Data items
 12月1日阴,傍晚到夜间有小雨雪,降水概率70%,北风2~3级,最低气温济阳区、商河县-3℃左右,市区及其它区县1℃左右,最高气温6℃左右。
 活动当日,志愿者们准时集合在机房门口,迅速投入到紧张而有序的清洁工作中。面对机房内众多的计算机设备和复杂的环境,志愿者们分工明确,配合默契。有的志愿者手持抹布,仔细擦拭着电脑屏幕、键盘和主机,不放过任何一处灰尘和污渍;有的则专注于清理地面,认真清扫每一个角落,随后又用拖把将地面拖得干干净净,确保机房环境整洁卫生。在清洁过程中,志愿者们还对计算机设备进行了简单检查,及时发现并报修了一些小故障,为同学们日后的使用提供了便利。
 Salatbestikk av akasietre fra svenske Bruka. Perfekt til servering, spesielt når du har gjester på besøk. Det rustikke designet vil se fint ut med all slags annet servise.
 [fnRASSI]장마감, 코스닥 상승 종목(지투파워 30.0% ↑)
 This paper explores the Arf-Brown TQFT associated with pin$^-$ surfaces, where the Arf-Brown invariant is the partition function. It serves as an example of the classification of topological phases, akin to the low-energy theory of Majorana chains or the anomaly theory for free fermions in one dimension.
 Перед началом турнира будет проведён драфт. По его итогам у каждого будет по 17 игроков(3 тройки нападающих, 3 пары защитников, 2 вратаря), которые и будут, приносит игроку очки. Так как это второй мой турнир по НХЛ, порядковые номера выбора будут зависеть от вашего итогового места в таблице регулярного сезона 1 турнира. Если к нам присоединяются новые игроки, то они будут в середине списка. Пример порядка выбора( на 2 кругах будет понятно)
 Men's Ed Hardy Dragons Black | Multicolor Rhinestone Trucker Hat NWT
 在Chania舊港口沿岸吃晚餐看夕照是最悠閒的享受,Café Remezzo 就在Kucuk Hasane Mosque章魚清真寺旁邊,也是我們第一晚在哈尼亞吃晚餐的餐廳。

**Task statement**
Your task is to quote, without any alteration, the lines running from the top of the records to the line that holds "[fnRASSI]장마감, 코스닥 상승 종목(지투파워 30.0% ↑)", both included.

**Task solution**
 12月1日阴,傍晚到夜间有小雨雪,降水概率70%,北风2~3级,最低气温济阳区、商河县-3℃左右,市区及其它区县1℃左右,最高气温6℃左右。
 活动当日,志愿者们准时集合在机房门口,迅速投入到紧张而有序的清洁工作中。面对机房内众多的计算机设备和复杂的环境,志愿者们分工明确,配合默契。有的志愿者手持抹布,仔细擦拭着电脑屏幕、键盘和主机,不放过任何一处灰尘和污渍;有的则专注于清理地面,认真清扫每一个角落,随后又用拖把将地面拖得干干净净,确保机房环境整洁卫生。在清洁过程中,志愿者们还对计算机设备进行了简单检查,及时发现并报修了一些小故障,为同学们日后的使用提供了便利。
 Salatbestikk av akasietre fra svenske Bruka. Perfekt til servering, spesielt når du har gjester på besøk. Det rustikke designet vil se fint ut med all slags annet servise.
 [fnRASSI]장마감, 코스닥 상승 종목(지투파워 30.0% ↑)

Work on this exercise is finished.